Mais de 80 alunos representando o Rio

A Firjan SESI participa do torneio com 84 alunos entre nove e 19 anos das unidades de Barra Mansa, Resende, Barra do Piraí, no Sul Fluminense; São Gonçalo, na Região Metropolitana; e Rio de Janeiro, do bairro Jacarepaguá, além de Nova Friburgo. Os vencedores do torneio vão disputar o Mundial de Robótica em Houston, nos EUA, mas há ainda diversos troféus em categorias diversas que consideram a qualidade do trabalho apresentado, a cultura da robótica na comunidade, entre outras questões.
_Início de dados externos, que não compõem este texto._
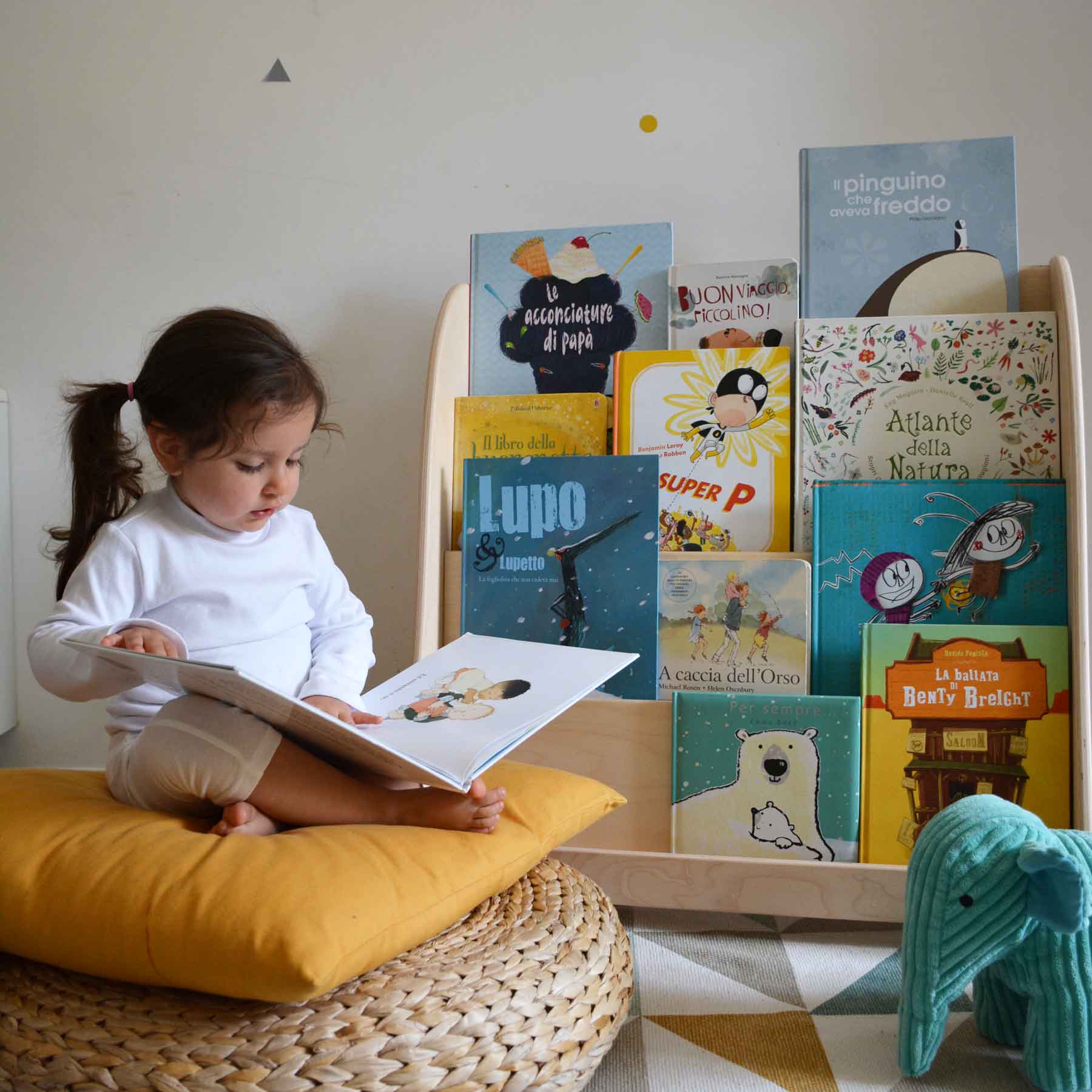 Per i bambini nei primi anni d’età è bene scegliere librerie con esposizione frontale, in modo che la copertina dei libri sia ben visibile e facilmente raggiungibile. Qualsiasi tipo di libreria per cui possiamo optare (a parete, autoportante, con rotelle, girevole etc….) è fondamentale che sia sempre accessibile dal bambino, in sicurezza.

No ano passado, por exemplo, o técnico Rômulo de Jesus Costa, da equipe de Friburgo, foi eleito o melhor técnico do Brasil.

 

A competição inclui a categoria FLL (FIRST Lego League Challenge), na qual alunos de 9 a 15 anos constroem robôs com peças Lego e criarem um projeto de inovação; FTC (FIRST Tech Challenge), composta por estudantes do Ensino Médio e robôs de porte semi-industrial; e FRC (FIRST Robotics Competition), com a missão de programar robôs de porte industrial, com até 55kg e mais de 1,5 metro de altura.

 

Para estarem entre os melhores do Brasil, os jovens da Firjan SESI disputaram com 61 equipes, num total de cerca de 500 estudantes de escolas públicas, privadas, ONGs e equipes de independentes de todo o Rio e de outros dois estados (Bahia e Espírito Santo). Serão classificados para o mundial nos Estados Unidos – que acontece entre 29 de abril e 2 de maio – três competidores da FLLC, cinco da FTC e quatro da FRC.